Page MenuHomePhabricator

Move cloud-vps Maps nfs share to vm-hosted NFS
Closed, ResolvedPublic

Description

I am in the process of moving the Maps NFS storage off of a bare-metal NFS server and onto a virtualized NFS server.

Event Timeline

@TheDJ or @dschwen, I'm about to start a massive file copy of everything that is currently stored in the Maps NFS share, both $home and /data/project. It would thrill me to hear that some of those files are either transient and can be regenerated on the fly, or are obsolete and can be removed once and for all.

I'd also appreciate any projections you can make about spage usage -- At the moment that share has a max size of 8Tb, with an actual usage of 5.5Tb.

Thank you!

(This is not at all related to https://phabricator.wikimedia.org/T300160)

@Andrew while most tiles could be regenerated if the service does come back, not ALL can be (specifically the hill shading directory cannot be regenerated and should NOT be deleted), and it will cause a request storm if we ever attempt to bring it back.

Andrew, everything i have on NFS is not transient and must be copied. My transient stuff is now on a cinder volume.

Thanks all! I'm doing an epic rsync now which will take a couple of days to complete. When it comes time for the switch-over, do we need to stop services for a final rsync or is OK if the NFS share just reverts to its state from a few days previous?

Option 3 would be doing a second, final rsync without stopping services. That should be fine for my stuff at least.

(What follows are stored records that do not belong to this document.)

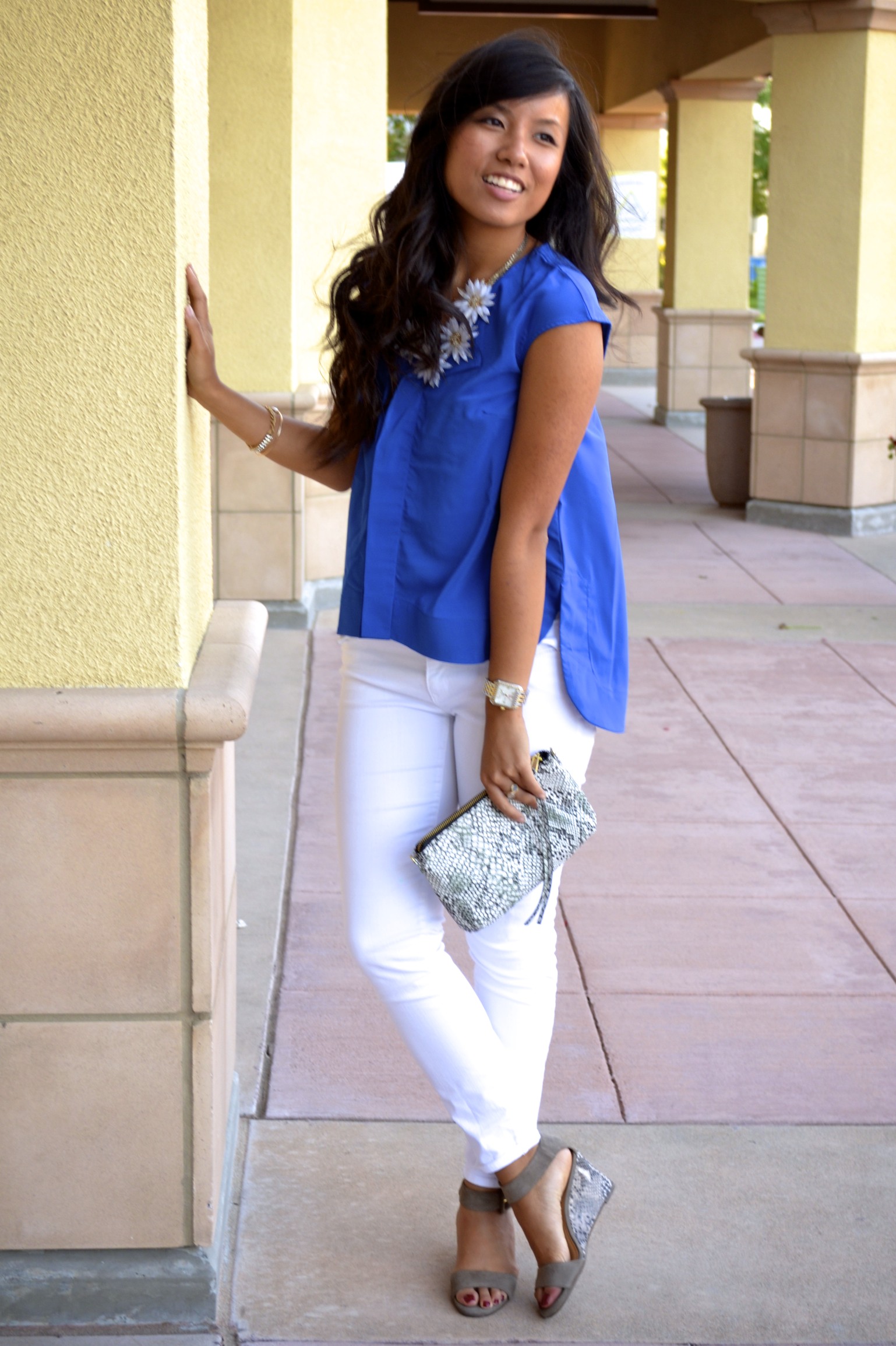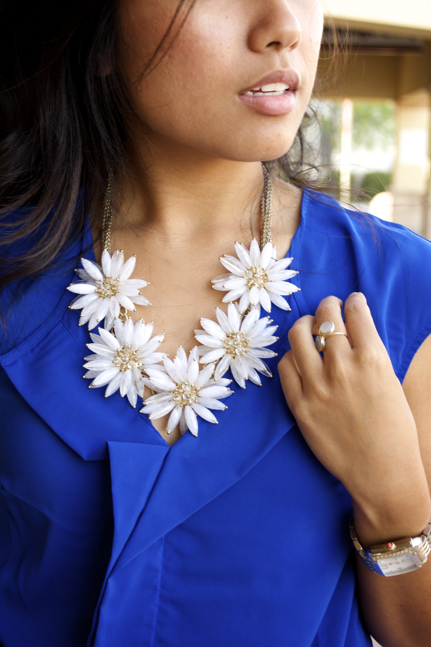 You my dear look stunning in this outfit!! I love that cobalt blue top on you and that necklace is to die for! Just gorgeous!
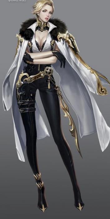 Сама одежда была белоснежной, с чёрными вставками и золотыми пуговицами. Вместо сапог использовались чёрные туфли на высоком каблуке, такого же типа, что он сделал для Шоны.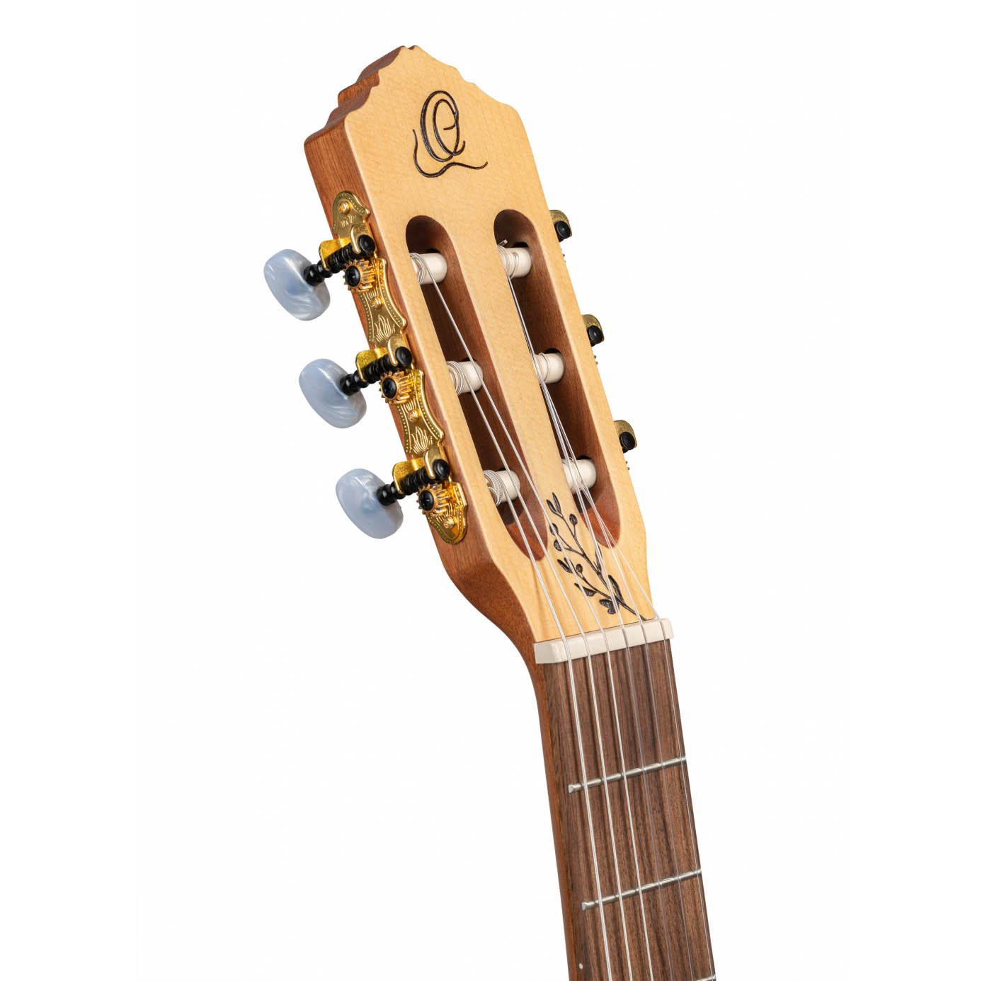 Ortega RSCECG är en klassisk gitarr i fullstorlek (4/4) och en del av Scandinavian Edition, en exklusiv serie framtagen för den nordiska marknaden. Med en kropp helt i gran och detaljer som lasergraverat lingonris i rosetten samt diskreta inlägg på greppbrädan, kombinerar detta instrument skandinavisk design med klassiskt hantverk. Gitarren levereras med en gigbag, vilket gör den idealisk för både transport och förvaring.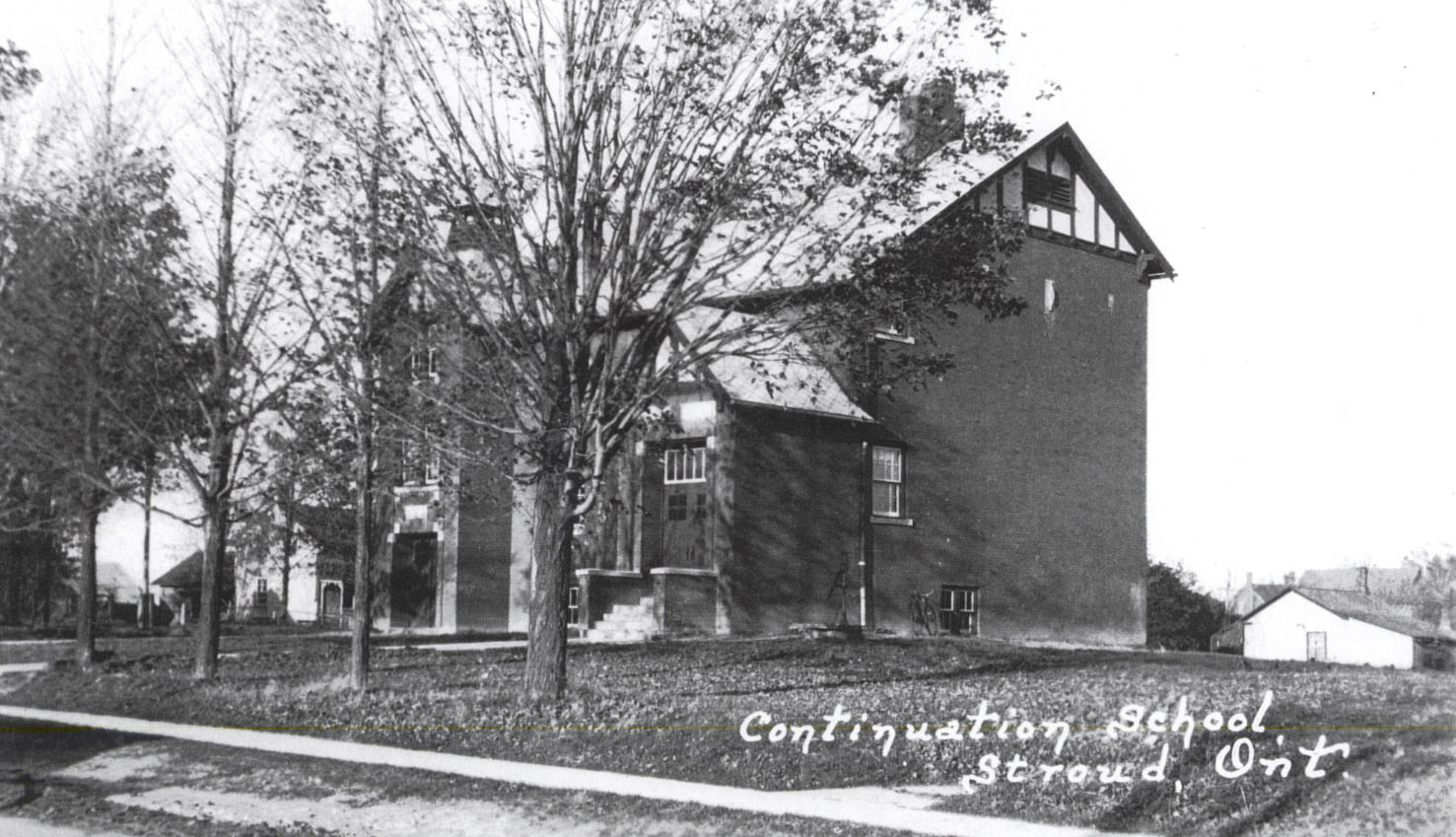 Post Card showing Stroud Continuation School which was built in 1923. On the left is showing part of the home that was owned in later years by Miss Mary Alice Cowan. The white house on the right - the home of Robert Archard Schools - Stroud Continuation school Architecture - buildings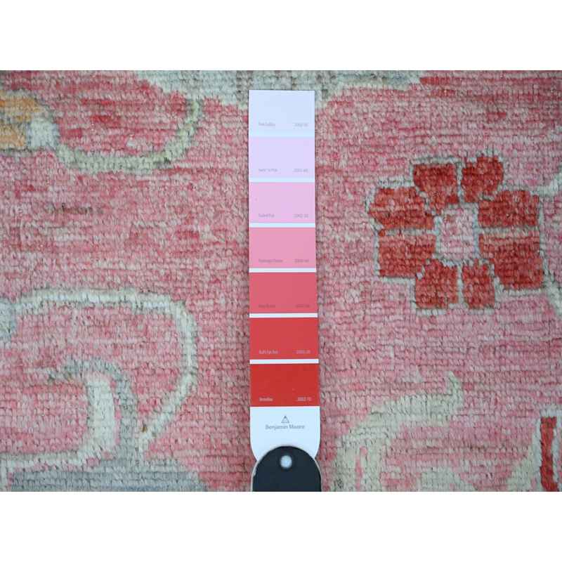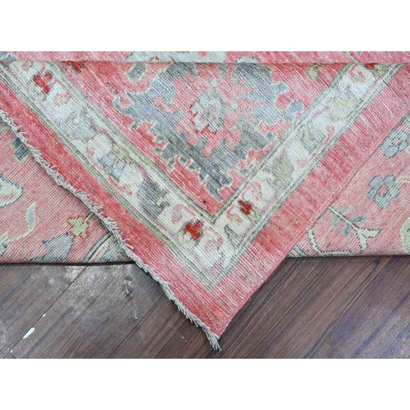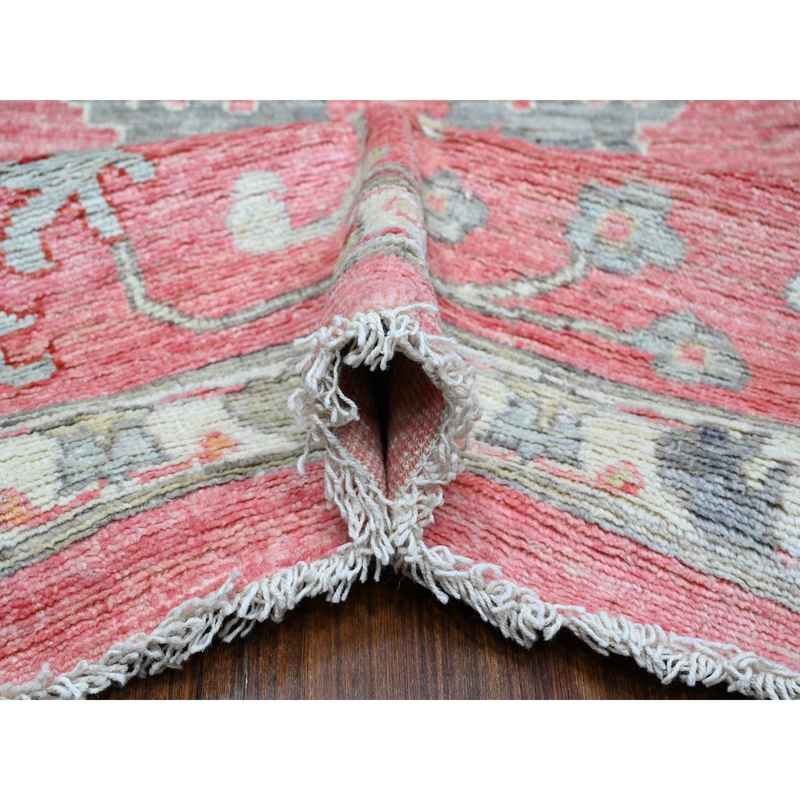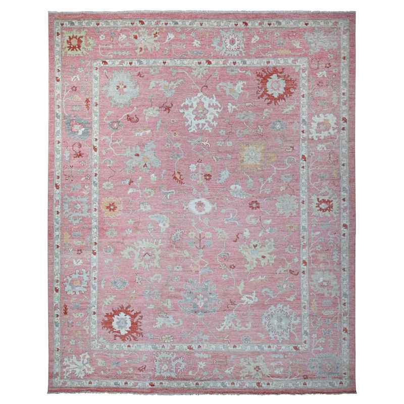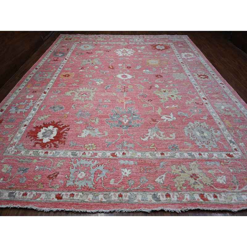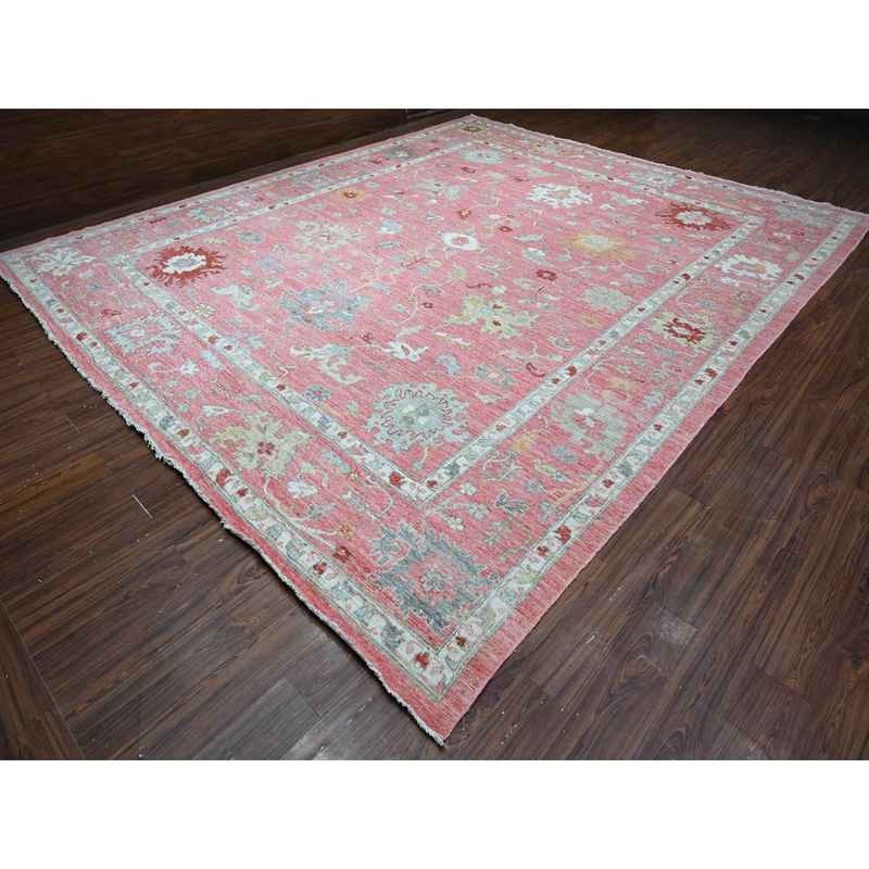 12’1″x14’7″ Blush Pink, Wool Weft, Hand Knotted, Afghan Angora Oushak, Rural Medallions All Over, Vegetable Dyes, Oversized Oriental Rug Sh88780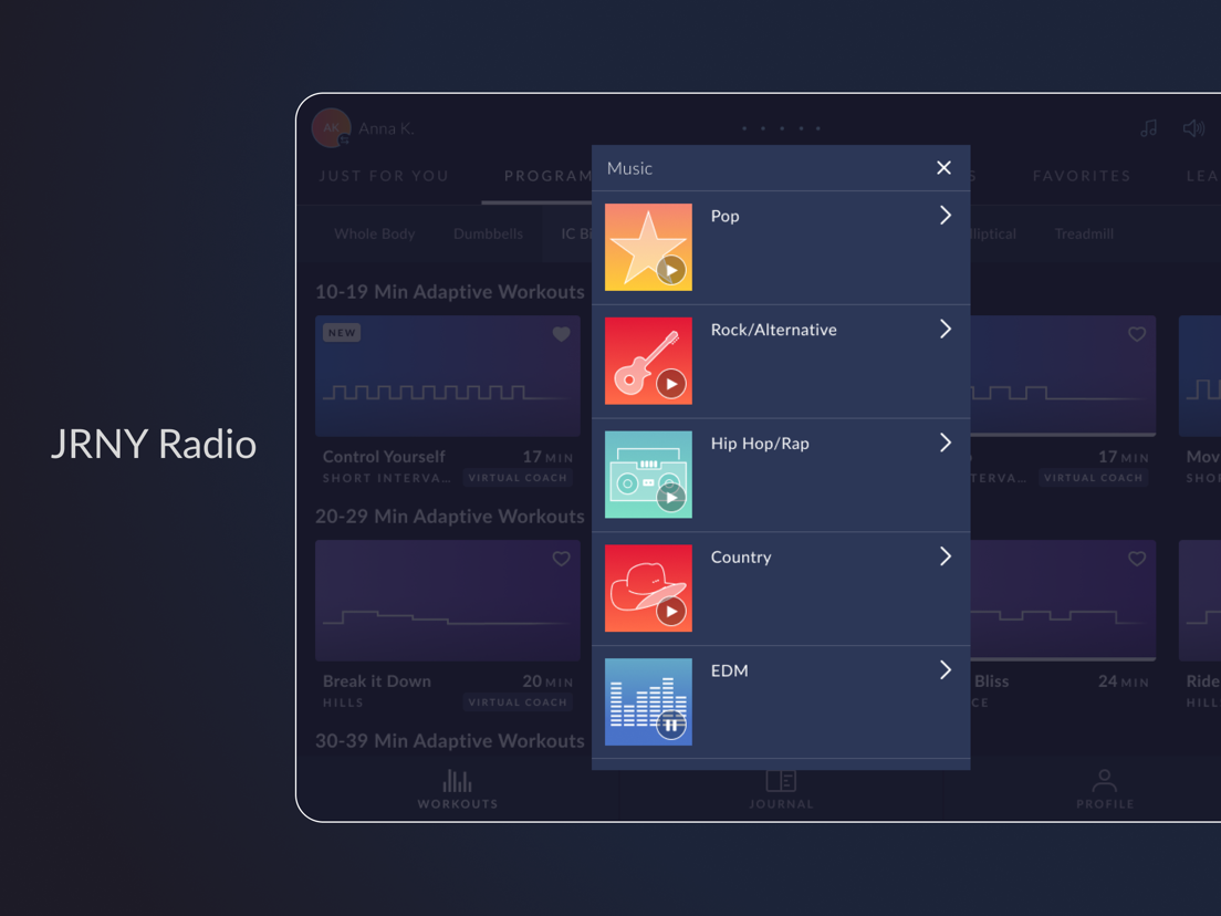 The JRNY membership offers personalized cardio, strength, and whole-body workouts that evolve as you do. It gets to know you by assessing your fitness level and recommending workouts based on your abilities, available time, how you're feeling, and more.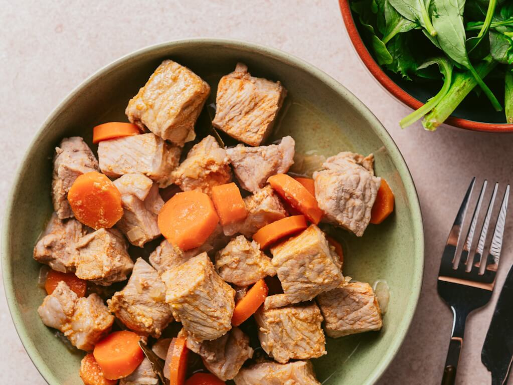 Aqueça um tacho e coloque o toucinho em primeiro lugar, e posteriormente a cebola e o alho.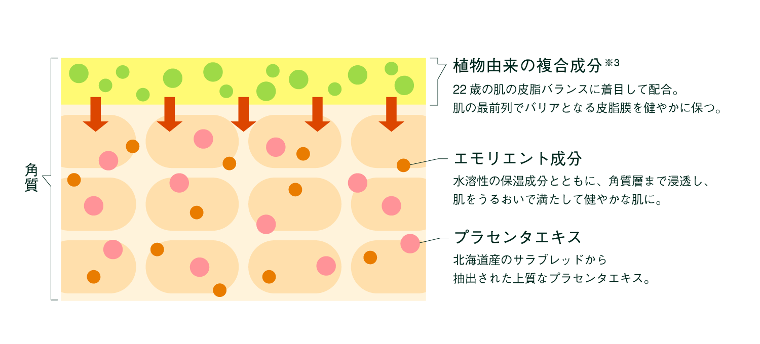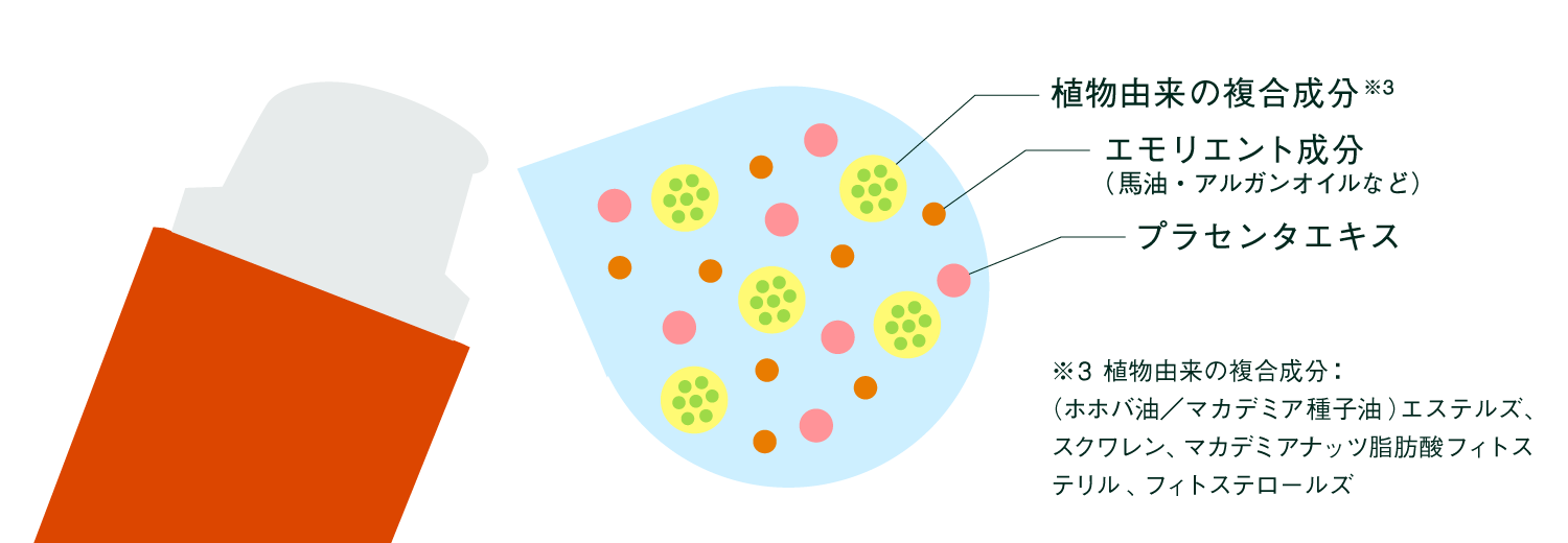 ※1 上質なうるおい成分:プラセンタエキス、エモリエント成分、植物由来の複合成分※3

yep, I'll definitely do a follow-up rsync but there will still be a lag because there are so many files to traverse.

I'm doing the final rsync today. I have no idea how long it will take; the original sync took several days but I'm hopeful this one will finish overnight.

Shall I just cut things over when it finishes, or do we need to coordinate?

Form my end you can just cut over. Would it be possible to keep the old die around for a few days in case something hit missed?

Yep, the old data is on a metal server so it'll be around until we switch off or reclaim the server :)

Change 760703 had a related patch set uploaded (by Andrew Bogott; author: Andrew Bogott):

[operations/puppet@production] cinder backups: include the maps nfs volume

https://gerrit.wikimedia.org/r/760703

Change 760703 merged by Andrew Bogott:

[operations/puppet@production] cinder backups: include the maps nfs volume

https://gerrit.wikimedia.org/r/760703

Change 761430 had a related patch set uploaded (by Andrew Bogott; author: Andrew Bogott):

[operations/puppet@production] wmcs 'maps' project: use project-local NFS server

https://gerrit.wikimedia.org/r/761430

Change 761430 merged by Andrew Bogott:

[operations/puppet@production] wmcs 'maps' project: use project-local NFS server

https://gerrit.wikimedia.org/r/761430

I've now moved your nfs service to the 'maps-nfs-1' instance in your project. Please let me know if you see any bad results.

That server can be scaled up and down as needed, so if you're getting worse performance than before, I'm interested in adjusting and experimenting.

Do I need to reboot my running instance to get this change? I thin the maps-wma2 instance is still connected to the old NFS

nfs-maps.wikimedia.org:/srv/maps on /mnt/nfs/secondary-maps type nfs4 (rw,noatime,vers=4.0,rsize=1048576,wsize=1048576,namlen=255,hard,proto=tcp,timeo=600,retrans=2,sec=sys,clientaddr=172.16.5.74,local_lock=none,addr=208.80.155.119)

versus

maps-nfs.svc.maps.eqiad1.wikimedia.cloud:/srv/maps on /mnt/nfs/secondary-maps type nfs4 (rw,noatime,vers=4.0,rsize=524288,wsize=524288,namlen=255,hard,proto=tcp,timeo=600,retrans=2,sec=sys,clientaddr=172.16.1.203,local_lock=none,addr=172.16.4.216)

on a rebooted instance.

This would mean that I wrote data to the old NFS after your last rsync. :-((((

actually, maybe no data needs to be synced. I'll just remount the device.

Update: that fixed it